Weinstein's various excuses and extended statements led to women going to Twitter to discuss all the times they encountered their own version of Weinstein, and the responses were sobering. The thread brought in more than 4,000 replies of women telling their own sexual harassment stories, and most of them ended similarly: Those men still have jobs.
Weinstein lost his job, but unfortunately, that is far from the majority.
The fact that we are celebrating him being fired is a travesty alone -- we don't expect men to lose their jobs for this behavior because the rape culture surrounding Hollywood and our society, in general, has grown so thick that women are expected to take these advances as compliments or that they somehow instigated or asked for it.
Well, what were you wearing? Were you leading him on? Did you flirt with him first? Why didn't you tell anyone? You were asking for it.
How many times will women have to hear those statements before they're believed?
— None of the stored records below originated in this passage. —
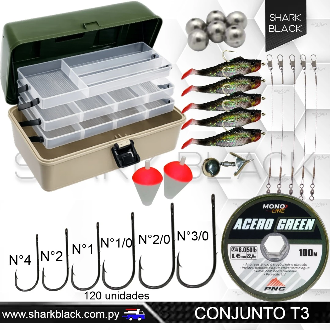 * 120 anzuelos — 20 de cada tamaño: N°4, N°2, N°1, N°1/0, N°2/0 y N°3/0
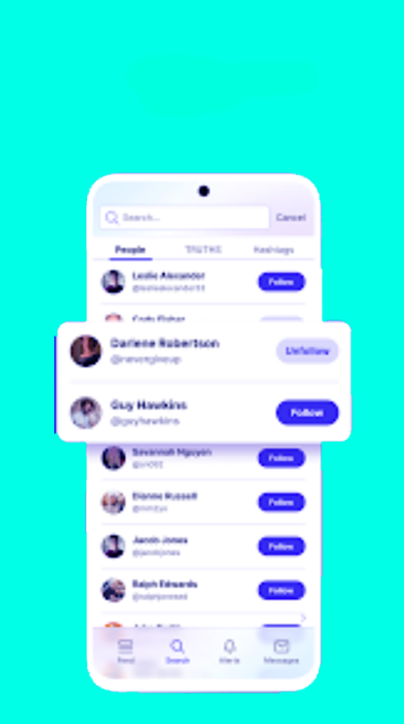 Search - Truth Social really starts to become interesting as you connect with others. Search for a voice that you find interesting and easily follow them right from the search list or view their profile first before deciding.
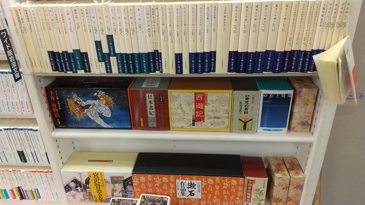 【5階】古今東西の典籍を手軽に読める、読書人の皆様に熱く支持される岩波文庫x.gd/UMy0D 。青・黄・緑・白・赤の各帯色の品揃えを充実させ、皆様のご来店をお待ち申し上げております。岩波現代文庫やワイド版、箱入りセットもございます。年末の年始の読書にぜひ、ご利用下さいませ。
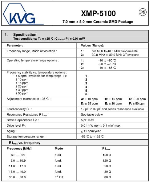KVG晶振規格 | 單位 | XMP-5100晶振頻率范圍 | 石英晶振基本條件 |
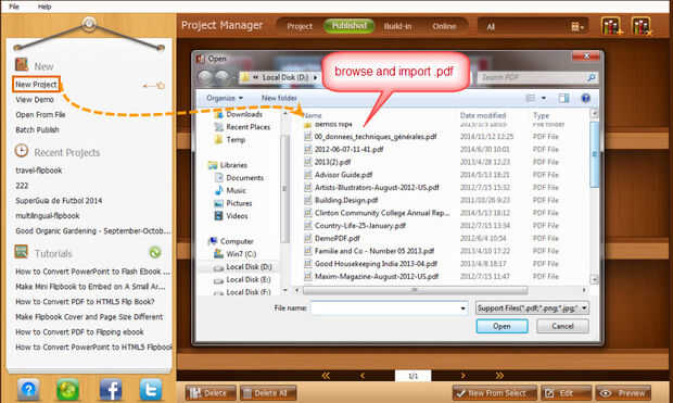 mayoría de los usuarios quiere convertir PDF archivos a Flash flip libro. Es realmente maravilloso subir archivos PDF a página web o añadir PDF a ciertos dispositivos portátiles como una revista digital con efecto página. Sin embargo, puede obtener d
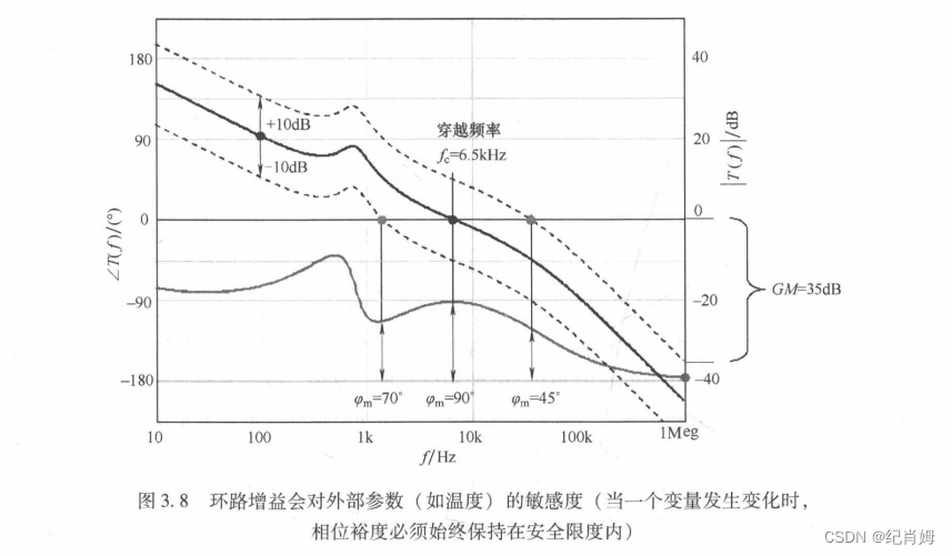 由于产品离散型以及温度等原因,环路增益可能会被外部参数影响而改变, 而环路增益将改变 0dB 点的位置,从而改变其对应的相位裕度。增益裕度可被理解为 0dB 点移动到 -180° 时的环路增益改变量
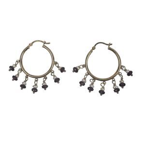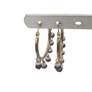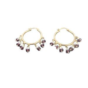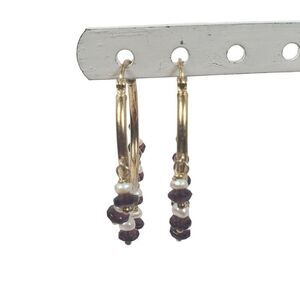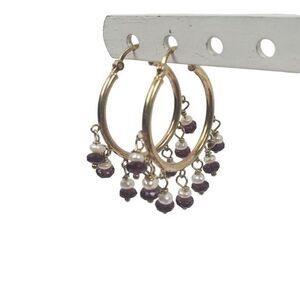 Sterling Silver 925 Gold Wash Vermeil Hoop Pierced Earrings Glass Faux Pearl Purple Glass Beads

Weinstein settled on EIGHT accusations over DECADES by intimidating women into accepting money rather than getting justice. Our criminal justice system rewards those with the capital to cover up their crimes, to never admit to any actual wrongdoing.
Weinstein isn't the minority.
He was surrounded, for decades, by people who laughed at his advances, kept quiet, or assumed he was "just joking" rather than calling him out. That's rape culture -- people normalizing comments like "You were asking for it dressed like that," or normalizing the overtly sexual advances on female coworkers.
You cannot even claim that rape culture doesn't exist because these accusations ruin the lives of those who are accused. Brock Turner only served three months of his pathetically short six-month sentence. Bill Cosby's lawyers found a way for a mistrial when the evidence is clear. I mean, Jesus Christ, we elected a man who passionately and proudly defended grabbing women by the pussy.
Those accusations ruin lives and careers? My ass.
We have become complacent. We have allowed men to get away with bullshit like this because it's hard to make waves. Women work so hard to be taken half as seriously as their male coworkers, so they ignore sexual advances from their superiors and coworkers because crying rape in a guarantee no one will take you seriously again.
There's a little less than two months left in 2017, so make it your mission to call out that bullshit. Make it your mission to make people uncomfortable by saying, "What do you mean by that?" and forcing them to explain their gross joke to you. Make it your mission to make men squirm when you give them your best death glare when they tell you to smile more.
Make it your mission to make the "that's just the way things were" argument obsolete. Be the change you want to see in the world because goddammit, it's 2017, and it's time for rape culture to be as finished as Harvey's career.